Emerson nods, giving me space to volunteer. It’s been a few hours since I checked on Ronan. Time blurs in this house, warped by guilt and the weight of what we’re becoming. But Ronan’s presence helps anchor me. He always has. If anyone can cut through the fog, it’s him.
Still, as I glance at the door again, a chill moves through me like a warning. The kind that whispers you’re already too late.
I push the chill from my spine and ignore the silent omen clawing at the back of my mind as I turn away from the basement door and head toward Ronan’s room.
Each step feels heavier than the last, as if my body’s resisting what it already expects.
The door creaks open, and I step into the low light, already knowing what I’ll find—what I’ve found every time I’ve come here for the past few days.
He’s still. Completely motionless.
Just like last time.
And the time before that.
And the time before that.
The machines keep whispering that he’s alive, a steady chorus of beeps and measured breaths offering quiet reassurance. But it isn’t enough. I don’t care what the doctors say. They keep insisting he’ll pull through. That his vitals are solid. That he should wake up any minute now.
I don’t want medical jargon. I don’t want careful optimism wrapped in sterile words. I want Ronan.
I need something—anything. A twitch of his fingers.
A shift beneath the blanket. Proof that he’s still in there.
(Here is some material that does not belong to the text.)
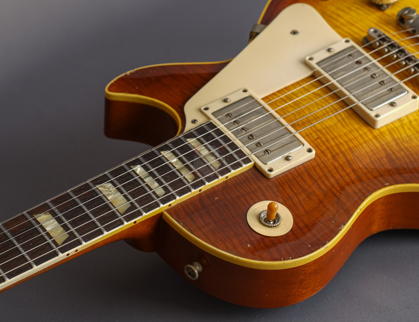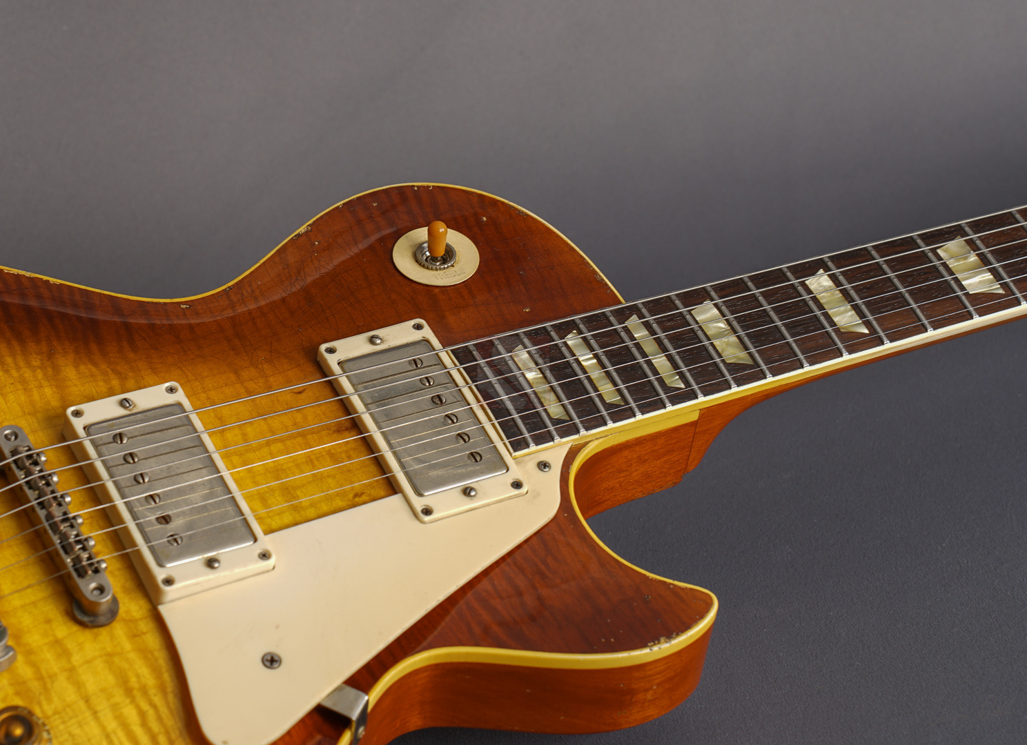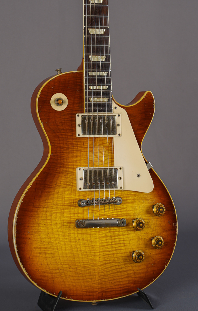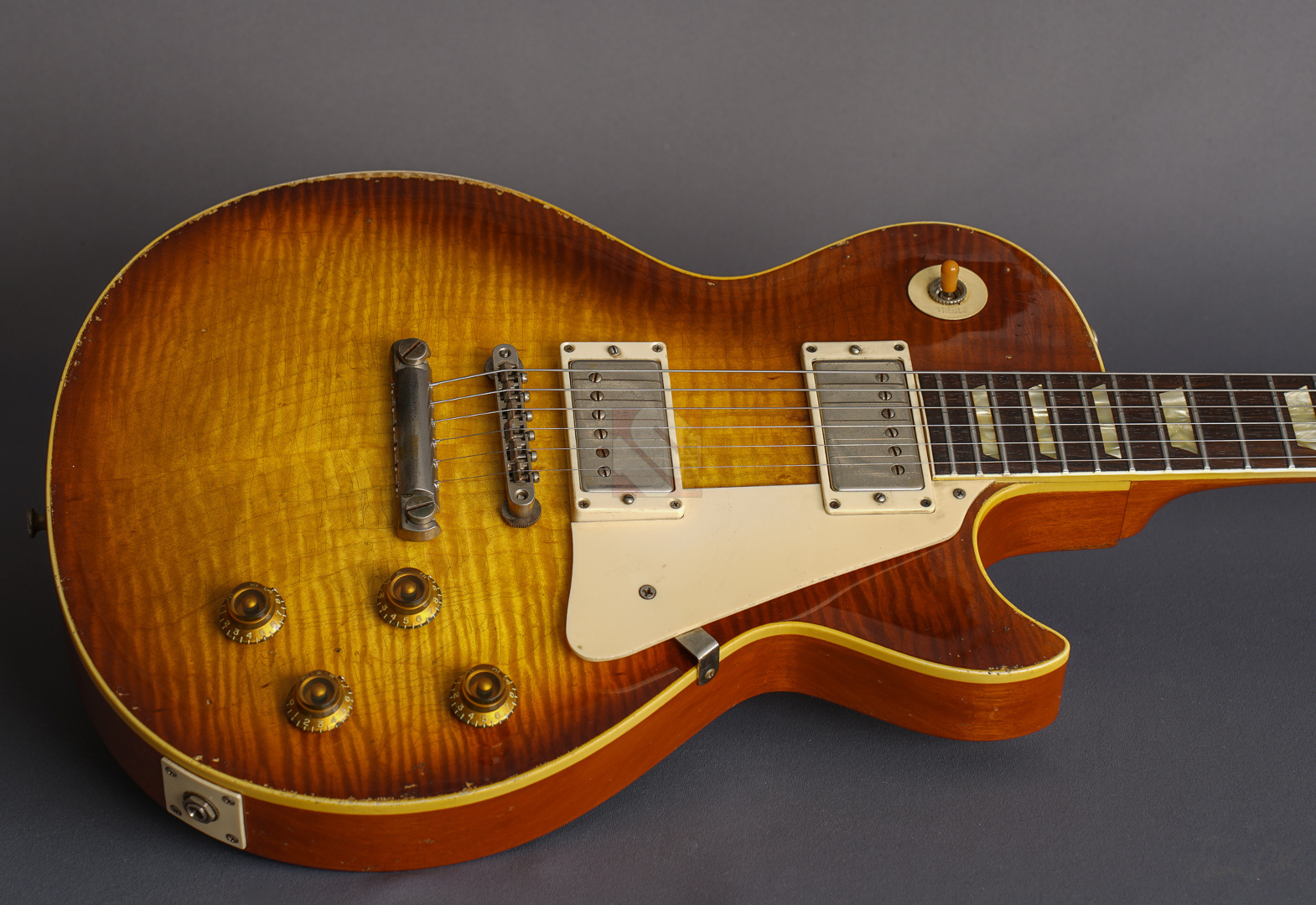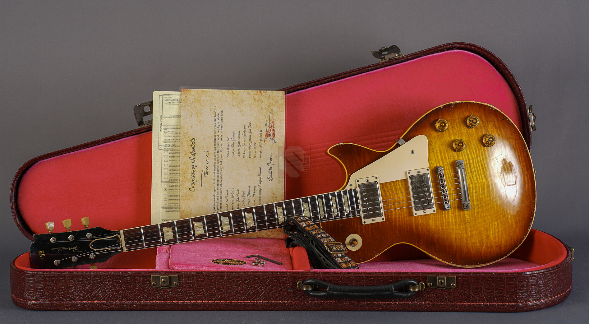 What fantastic dream guitars Panucci keeps producing! Only superlatives can be used to describe these guitars. This is also true of this '59 Inspired model in a beautiful “Faded Burst” finish. The body and neck are made of the finest mahogany, the top is made of Eastern maple with a fabulous grain, the aging is incredibly authentic and detailed and the fretboard is made of “Vintage Brazilian Rosewood,” which is so rare these days (of course with the necessary CITES certificate). The pickups are the company's own Panucci humbuckers, which emphasize the highs more than their famous competitors from Nashville. This comes very close to the old PAFs. In addition, the guitar sounds wonderfully woody and three-dimensional – a real joy, whether clean or distorted. The medium neck with its '59 neck shape also fits perfectly in the hand. Thanks to the perfectly dressed frets the '59 Inspired plays so smoothly that you'd be hard pressed to find a vintage original that comes close. Of course the perfect playability also has to do with the absolute dream weight of only 3779 grams. Here you get sound, playability and looks that you usually only find in guitars twice as expensive from the competition. The only downside: less than 30 Panuccis are built each year. So you'll have to be quick! The guitar is new, unplayed and includes VAT.

Still fighting. I need his eyes to open, sharp and irritated, already pissed that I’m hovering like an overprotective bastard.
I need to meet his gaze and see myself reflected back, a reminder that I’m not standing alone in this fight.
Because if I lose him—if I lose my twin—I don’t know what I’ll turn into.
I walk to his side and lower myself into the chair like I’ve done a hundred times, elbows on my knees, hands clasped tight enough to hurt.
Across from me, Emerson sits in the other chair, his posture slouched but his eyes fixed on Ronan’s face.
The silence between us stretches out, heavy and raw.
Neither of us speaks. We don’t need to. Grief and guilt don’t need words to take up space.
I glance at him from the corner of my eye, watching for flickers of thought to pass through his expression, and for a second, he looks just as wrecked as I feel.
He’s always been the one who holds it together, the one who handles things with that smirk and sharp tongue, but not right now.
Not here. The exhaustion is etched deep in the lines on both of our faces.
Then it hits me—how lost he must be.